Sunday, February 17, 2013
The Magic's in the Music and the Music's in Me
I slide into the wind-chilled LeBaron, my breath whispering secrets--scandals of the night before that I promise myself are more magical left in the dark. It's the coldest night of the year, and also my birthday. An unusual combination on February 17th. Everything has sunken in. Like a pulse that finds its most honest natural rhythm. Like a warm robe wrapping you on a cold winter morning. Like napping on your parents couch.
I sit in the car and think about the scroll SOME SECRETS ARE BETTER NEVER TOLD. I wonder which ones I'll keep between me and that clear bright midnight sky. Which ones will sneak out like a teenager, through the back window, in search of a wild mystery.
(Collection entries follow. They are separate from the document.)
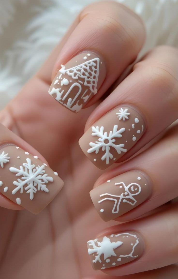This nude design features charming winter elements like snowflakes, pine trees, a snowman, and a tiny gingerbread-style house, all in soft, cozy colors. It brings a cute, storybook winter scene to the nails.
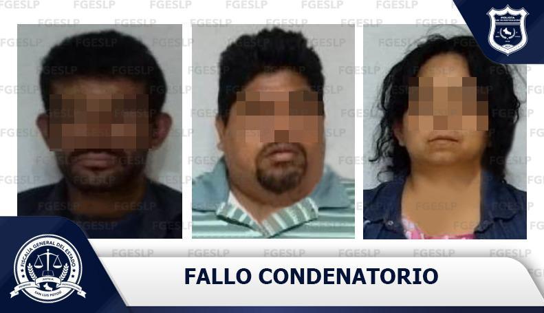 Litigadores de la Unidad de Homicidios de la Fiscalía General del Estado de San Luis Potosí (FGESLP) lograron que un Juez dictará fallo condenatorio contra Verónica “N”, José “N” y Juan “N”, por el delito de homicidio calificado.
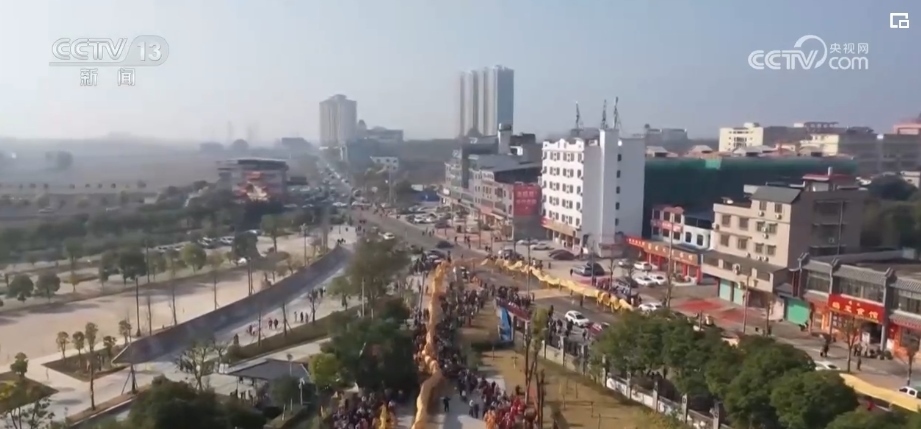 2月10日上午,在廣東韶關南雄市珠璣古巷,一場盛大的九十九節(jié)龍巡游熱鬧上演。九十九節(jié)龍的龍頭由五種顏色繪制,兩額長著長角、兩邊附有魚鱗片,金光閃閃、色彩鮮艷,龍首龍尾還粘有九十九朵長壽之花。它在珠璣古巷內(nèi)巡游,為父老鄉(xiāng)親祈福,并分別在珠璣牌坊、百姓堂列隊,用龍身擺出“龍年大吉”“天下太平”的新年祝福。

The stars are pulsing open wonder, a few lavender clouds are dancing around pretending to be in the way. But there's only cold clear truth. An open faucet of capital L Love. The sense that everything is truly divinely aligned and I'm exactly where I'm supposed to be... In the driveway of soul. Alone. Tired-happy. Quiet. Pooled in comfort of the sweatpants variety. Smiling, face up, watching tiny holes of pure magic light punching their way through the dark, exploding into a pool of irresistible Trust.
There's nothing to say or tell. All those stories really happened. Like, really--I went to the basement of the parking garage of Hell. But nothing lasts forever--no feeling, no moment, no mood. And this is the best and worst news of all.
Because tonight... tonight I feel Love like a quiet breeze. Like I am that breeze. Like the magic's in the music and the music's in me and there's no difference between all this goddamn overflowing glory at all. Or at the very least, no good reason to try to pick it all apart.
And I know it like I know my own face: this will never last. This understanding, this angle, the exact way I slide perfectly into that cool leather seat, the sky that's meditating moonlight like a tender rhythmic toad.
Everything goes. But I'll take what I can get in the moment. I'll take it all, anyway. Impending change, surefire sunrises, one-time-only birthday moonlight meditations. This is what I came for. I didn't know it in words when I came, but this it. This is everything.